◆ **ABOUT THIS TASK**: Starting with the line with "이러한 과정을 통해 온천의 효능을 제대로 누릴 수 있습니다." in the entries below and going on through the line with "We are at the", output every line exactly and nothing more. No pictures.
━━━ EXCERPTED RECORDS ━━━
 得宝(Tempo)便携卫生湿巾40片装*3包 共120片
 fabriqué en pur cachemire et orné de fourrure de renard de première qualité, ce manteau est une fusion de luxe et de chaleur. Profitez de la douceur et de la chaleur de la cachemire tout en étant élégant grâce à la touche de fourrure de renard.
━━━
━━━ EXCERPTED RECORDS ━━━
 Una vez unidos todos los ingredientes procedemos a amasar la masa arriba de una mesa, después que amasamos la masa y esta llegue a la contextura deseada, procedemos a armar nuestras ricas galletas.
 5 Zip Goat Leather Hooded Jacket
━━━
━━━ EXCERPTED RECORDS ━━━
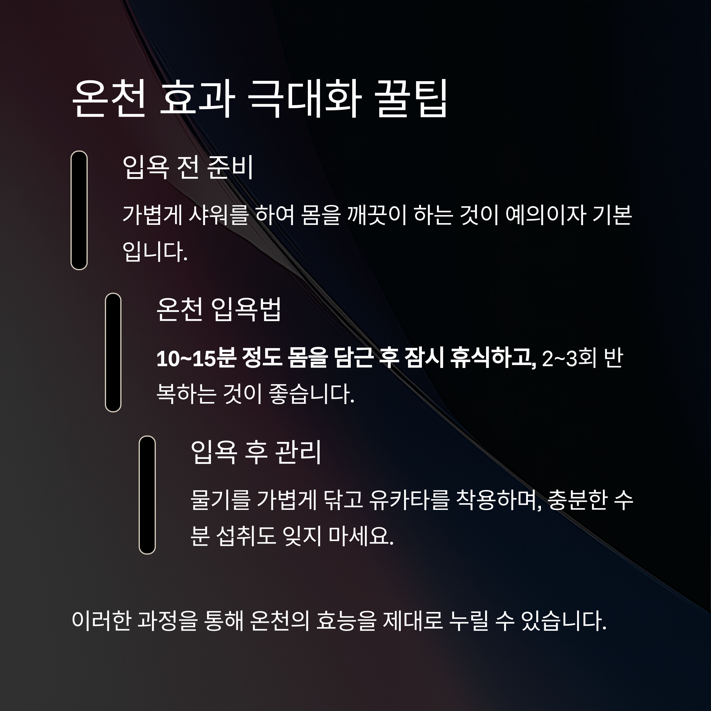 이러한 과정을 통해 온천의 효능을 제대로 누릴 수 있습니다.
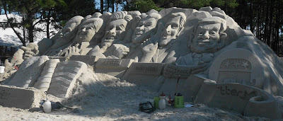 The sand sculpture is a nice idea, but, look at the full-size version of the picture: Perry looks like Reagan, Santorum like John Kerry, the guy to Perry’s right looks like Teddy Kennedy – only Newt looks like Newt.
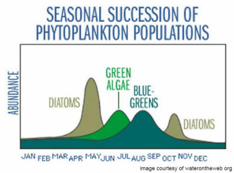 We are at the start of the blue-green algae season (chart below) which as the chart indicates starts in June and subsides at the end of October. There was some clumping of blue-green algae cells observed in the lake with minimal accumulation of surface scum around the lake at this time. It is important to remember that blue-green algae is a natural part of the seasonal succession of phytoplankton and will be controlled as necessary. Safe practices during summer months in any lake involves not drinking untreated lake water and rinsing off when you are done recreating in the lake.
━━━
◆ **EXPECTED ANSWER**:
 이러한 과정을 통해 온천의 효능을 제대로 누릴 수 있습니다.
 The sand sculpture is a nice idea, but, look at the full-size version of the picture: Perry looks like Reagan, Santorum like John Kerry, the guy to Perry’s right looks like Teddy Kennedy – only Newt looks like Newt.
 We are at the start of the blue-green algae season (chart below) which as the chart indicates starts in June and subsides at the end of October. There was some clumping of blue-green algae cells observed in the lake with minimal accumulation of surface scum around the lake at this time. It is important to remember that blue-green algae is a natural part of the seasonal succession of phytoplankton and will be controlled as necessary. Safe practices during summer months in any lake involves not drinking untreated lake water and rinsing off when you are done recreating in the lake.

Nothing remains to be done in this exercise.